Check available computed variables for a geometric object via help:
?geom_bar
Use stat_count()
directly:
ggplot(data = diamonds) +
stat_count(mapping = aes(x = cut))
stat_count()
has a default geom
geom_bar()
.
Display frequency instead of counts:
ggplot(data = diamonds) +
geom_bar(mapping = aes(x = cut, y = stat(prop), group = 1))
## Warning: `stat(prop)` was deprecated in ggplot2 3.4.0.
## ℹ Please use `after_stat(prop)` instead.
## This warning is displayed once every 8 hours.
## Call `lifecycle::last_lifecycle_warnings()` to see where this warning was
## generated.
Note the aesthetics mapping group=1
overwrites the default
grouping (by cut
) by considering all observations as a
group. Without this we get
ggplot(data = diamonds) +
geom_bar(mapping = aes(x = cut, y = stat(prop)))
geom_bar()
vs geom_col()
geom_bar()
makes the height of the bar proportional
to the number of cases in each group (or if the weight aesthetic is
supplied, the sum of the weights).
ggplot(data = diamonds) +
geom_bar(mapping = aes(x = cut))
The height of bar is the number of diamonds in each cut category.
geom_col()
makes the heights of the bars to
represent values in the data.
ggplot(data = diamonds) +
geom_col(mapping = aes(x = cut, y = carat))
The height of bar is total carat in each cut category.
ggplot(data = diamonds) +
geom_bar(mapping = aes(x = cut, weight = carat))
Color bar:
ggplot(data = diamonds) +
geom_bar(mapping = aes(x = cut, colour = cut))
Fill color:
ggplot(data = diamonds) +
geom_bar(mapping = aes(x = cut, fill = cut))
Fill color according to another variable:
ggplot(data = diamonds) +
geom_bar(mapping = aes(x = cut, fill = clarity))

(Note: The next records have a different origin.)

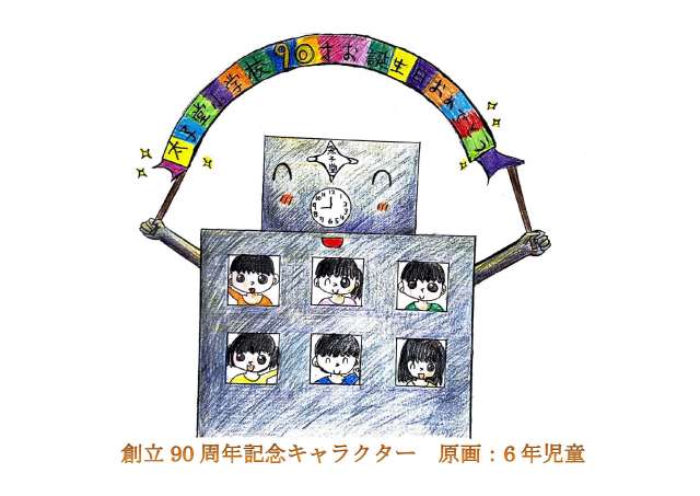 2017年度の代表委員会が「創立90周年記念キャラクター」を募集して、厳正に選出された10点の作品による投票を行い、創立90周年記念キャラクターが決定しました。擬人化された新校舎と楽しく学校生活を送る児童が一体化しているのが特徴です。デザインを考えた児童の思いを活かすため、手描きの感じを大切にしました。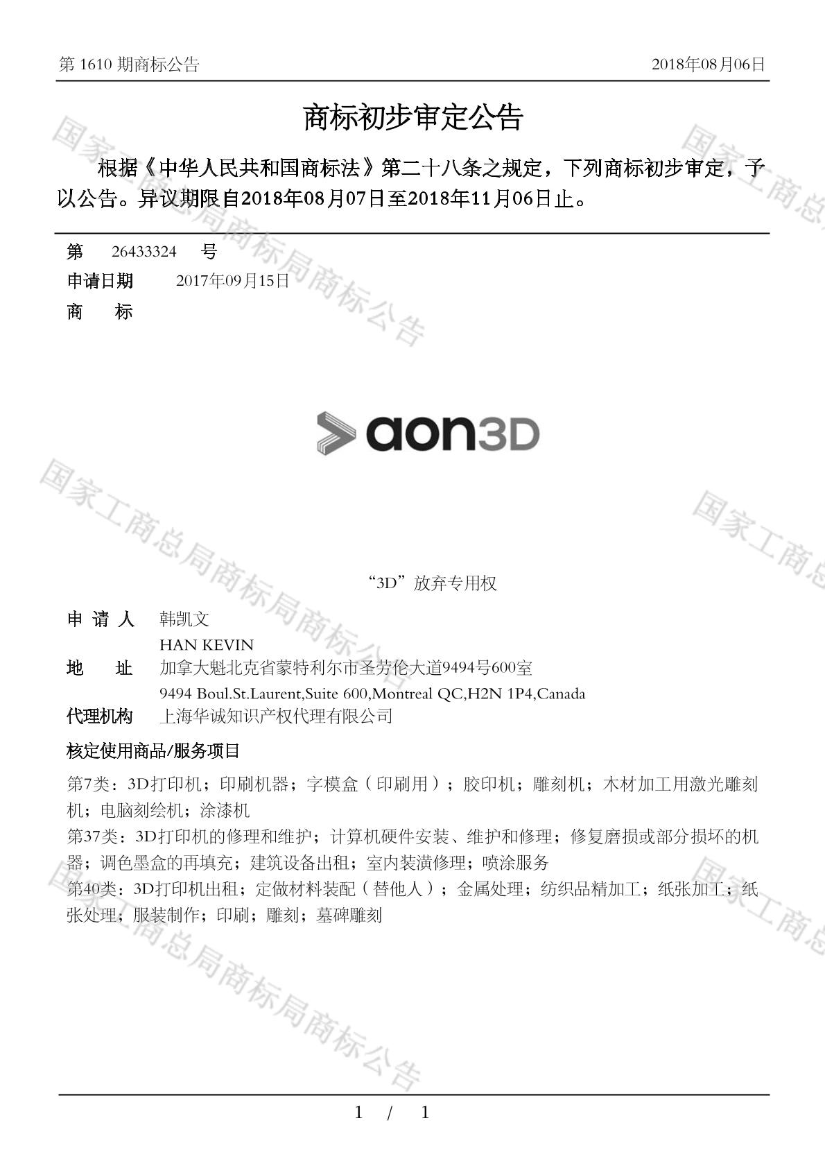 0705-印刷机器;0705-字模盒(印刷用);0705-胶印机;0716-木材加工用激光 雕刻机;0716-电脑刻绘机;0716-雕刻机;0747-涂漆机;0753-3D打印机 - 1610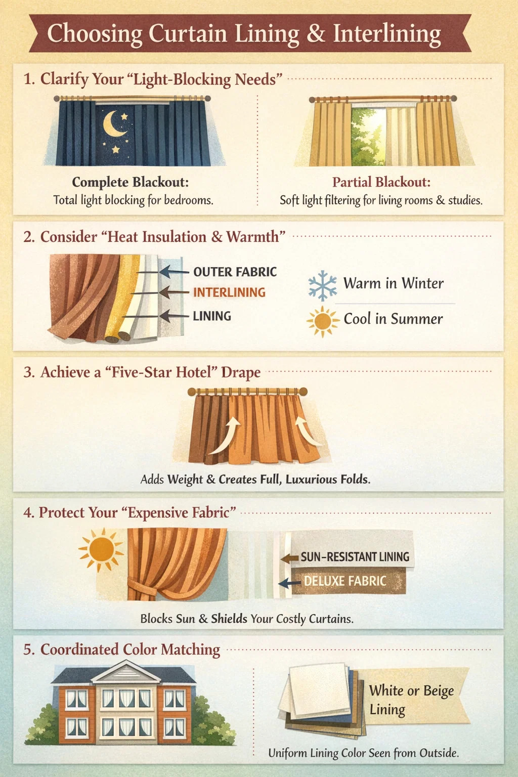 Výběr záclonové podšívky a vložka je jako oblékat si záclony do „spodního prádla“ a „svrchního oblečení“. Vnější látka určuje, jak krásně záclony vypadají, zatímco tyto dvě vnitřní vrstvy určují, jak jsou funkční a dobře se zatahují.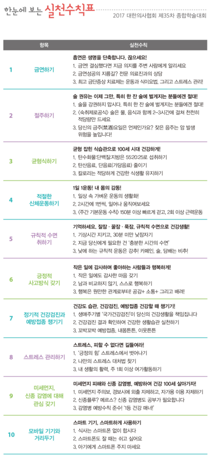 의료 전문가들의 지혜가 모인 '건강 십계명'에는 긍정적으로 생각하고 감사한 마음을 표현하며 원만한 인간관계를 만들라는 마음 건강에 관한 내용을 비롯해 금연, 절주, 운동, 숙면과 늦여름 장마의 막바지에 다시 불거지는 '미세먼지' 그리고 일상화된 '스마트기기 부작용'에 대한 권고사항이 담겨 있어요.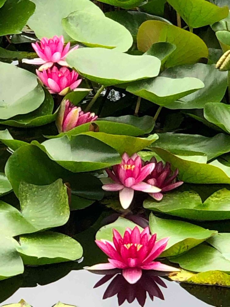 池いっぱいにスイレンの葉が色鮮やかに浮かんでいました。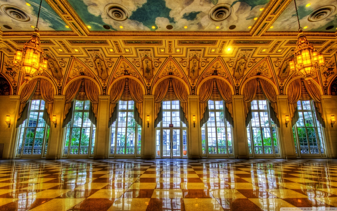 Description: A large room with a checkered floor and a ceiling with windows and a sky painted on the ceiling.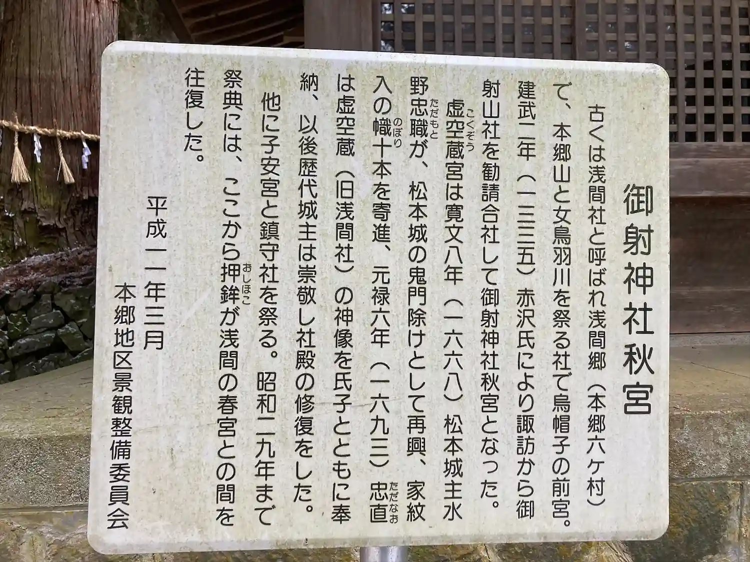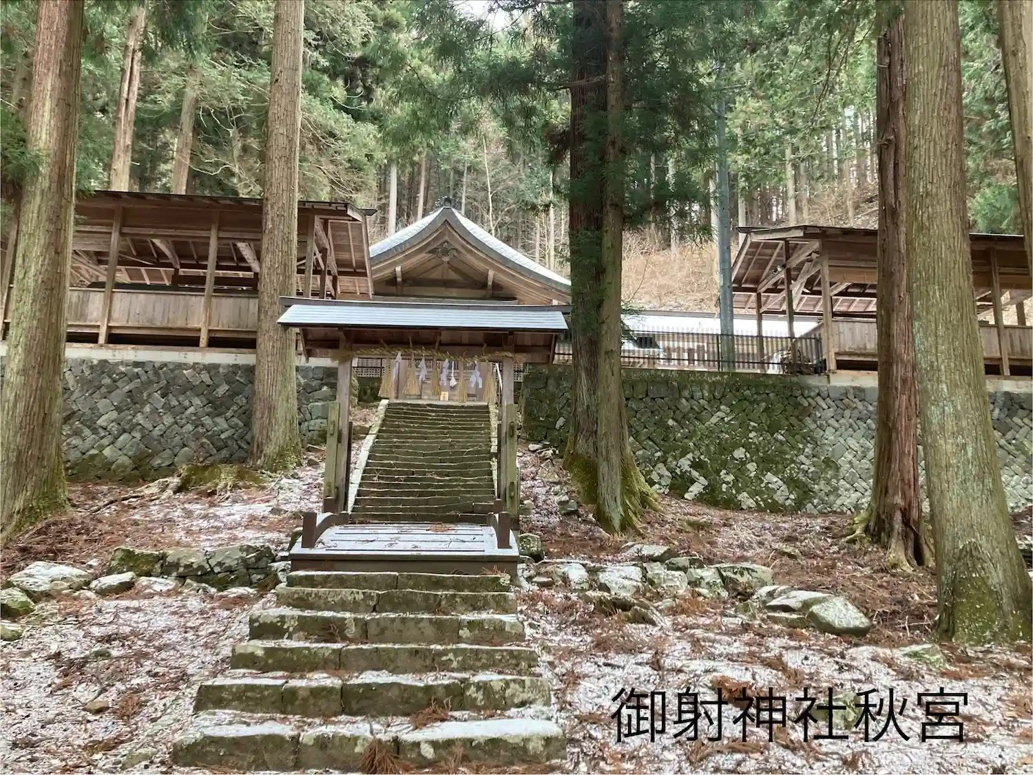 鹿教湯温泉に抜ける三才山トンネルの手前の道を右に入った集落に鎮座し、浅間温泉にある御射神社春宮の奥宮として御射神社秋宮と言われています。社殿は四宮あります。

The stacking is performed automatically by the position
adjustment specified by the position
argument.
If you don’t want a stacked bar chart, you can use one of three other options:
"identity"
"dodge"
"fill"
"stack"
(default)
position = "identity"
will place each object exactly
where it falls in the context of the graph.
ggplot(data = diamonds, mapping = aes(x = cut, fill = clarity)) +
geom_bar(alpha = 1/5, position = "identity")
ggplot(data = diamonds, mapping = aes(x = cut, colour = clarity)) +
geom_bar(fill = NA, position = "identity")
setting alpha
to a small value makes the bars
slightly transparent
identity
position adjustment is more useful
(default) for 2d geoms
position = "fill"
works like stacking, but makes
each set of stacked bars the same height.
ggplot(data = diamonds) +
geom_bar(mapping = aes(x = cut, fill = clarity), position = "fill")
position = "dodge"
places overlapping objects
directly beside one another.
ggplot(data = diamonds) +
geom_bar(mapping = aes(x = cut, fill = clarity), position = "dodge")
position_jitter()
add random noise to X and Y
position of each element to avoid overplotting:
ggplot(data = mpg) +
geom_point(mapping = aes(x = displ, y = hwy), position = "jitter")
geom_jitter()
is similar:
ggplot(data = mpg) +
geom_jitter(mapping = aes(x = displ, y = hwy))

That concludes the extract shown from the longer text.